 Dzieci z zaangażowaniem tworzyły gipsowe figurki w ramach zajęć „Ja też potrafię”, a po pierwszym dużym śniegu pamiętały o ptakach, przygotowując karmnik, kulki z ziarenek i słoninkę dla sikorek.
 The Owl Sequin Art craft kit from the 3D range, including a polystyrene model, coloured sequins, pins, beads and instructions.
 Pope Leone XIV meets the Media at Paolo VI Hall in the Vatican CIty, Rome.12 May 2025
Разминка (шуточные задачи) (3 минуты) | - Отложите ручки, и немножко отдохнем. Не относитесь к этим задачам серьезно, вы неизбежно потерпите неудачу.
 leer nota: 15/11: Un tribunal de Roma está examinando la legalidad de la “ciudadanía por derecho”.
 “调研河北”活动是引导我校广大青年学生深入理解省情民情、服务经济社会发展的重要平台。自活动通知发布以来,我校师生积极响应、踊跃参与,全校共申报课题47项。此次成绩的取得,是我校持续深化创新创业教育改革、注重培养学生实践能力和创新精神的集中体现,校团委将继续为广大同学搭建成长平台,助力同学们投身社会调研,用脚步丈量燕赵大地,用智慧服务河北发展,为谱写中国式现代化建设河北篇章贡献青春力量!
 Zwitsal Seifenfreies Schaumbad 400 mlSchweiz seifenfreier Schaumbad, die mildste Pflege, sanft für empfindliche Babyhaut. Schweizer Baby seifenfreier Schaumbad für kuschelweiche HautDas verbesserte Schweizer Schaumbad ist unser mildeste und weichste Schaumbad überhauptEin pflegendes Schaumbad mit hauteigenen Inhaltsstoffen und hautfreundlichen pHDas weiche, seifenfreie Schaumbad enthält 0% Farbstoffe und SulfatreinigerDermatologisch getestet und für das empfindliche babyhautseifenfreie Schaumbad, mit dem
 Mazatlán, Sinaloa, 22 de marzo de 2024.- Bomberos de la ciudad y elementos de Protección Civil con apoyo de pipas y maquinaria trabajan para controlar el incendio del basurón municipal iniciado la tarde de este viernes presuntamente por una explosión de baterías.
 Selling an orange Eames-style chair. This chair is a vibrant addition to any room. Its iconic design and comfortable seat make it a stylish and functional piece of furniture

::::

Every record must be set down again exactly.

 Dzieci z zaangażowaniem tworzyły gipsowe figurki w ramach zajęć „Ja też potrafię”, a po pierwszym dużym śniegu pamiętały o ptakach, przygotowując karmnik, kulki z ziarenek i słoninkę dla sikorek.
 The Owl Sequin Art craft kit from the 3D range, including a polystyrene model, coloured sequins, pins, beads and instructions.
 Pope Leone XIV meets the Media at Paolo VI Hall in the Vatican CIty, Rome.12 May 2025
Разминка (шуточные задачи) (3 минуты) | - Отложите ручки, и немножко отдохнем. Не относитесь к этим задачам серьезно, вы неизбежно потерпите неудачу.
 leer nota: 15/11: Un tribunal de Roma está examinando la legalidad de la “ciudadanía por derecho”.
 “调研河北”活动是引导我校广大青年学生深入理解省情民情、服务经济社会发展的重要平台。自活动通知发布以来,我校师生积极响应、踊跃参与,全校共申报课题47项。此次成绩的取得,是我校持续深化创新创业教育改革、注重培养学生实践能力和创新精神的集中体现,校团委将继续为广大同学搭建成长平台,助力同学们投身社会调研,用脚步丈量燕赵大地,用智慧服务河北发展,为谱写中国式现代化建设河北篇章贡献青春力量!
 Zwitsal Seifenfreies Schaumbad 400 mlSchweiz seifenfreier Schaumbad, die mildste Pflege, sanft für empfindliche Babyhaut. Schweizer Baby seifenfreier Schaumbad für kuschelweiche HautDas verbesserte Schweizer Schaumbad ist unser mildeste und weichste Schaumbad überhauptEin pflegendes Schaumbad mit hauteigenen Inhaltsstoffen und hautfreundlichen pHDas weiche, seifenfreie Schaumbad enthält 0% Farbstoffe und SulfatreinigerDermatologisch getestet und für das empfindliche babyhautseifenfreie Schaumbad, mit dem
 Mazatlán, Sinaloa, 22 de marzo de 2024.- Bomberos de la ciudad y elementos de Protección Civil con apoyo de pipas y maquinaria trabajan para controlar el incendio del basurón municipal iniciado la tarde de este viernes presuntamente por una explosión de baterías.
 Selling an orange Eames-style chair. This chair is a vibrant addition to any room. Its iconic design and comfortable seat make it a stylish and functional piece of furniture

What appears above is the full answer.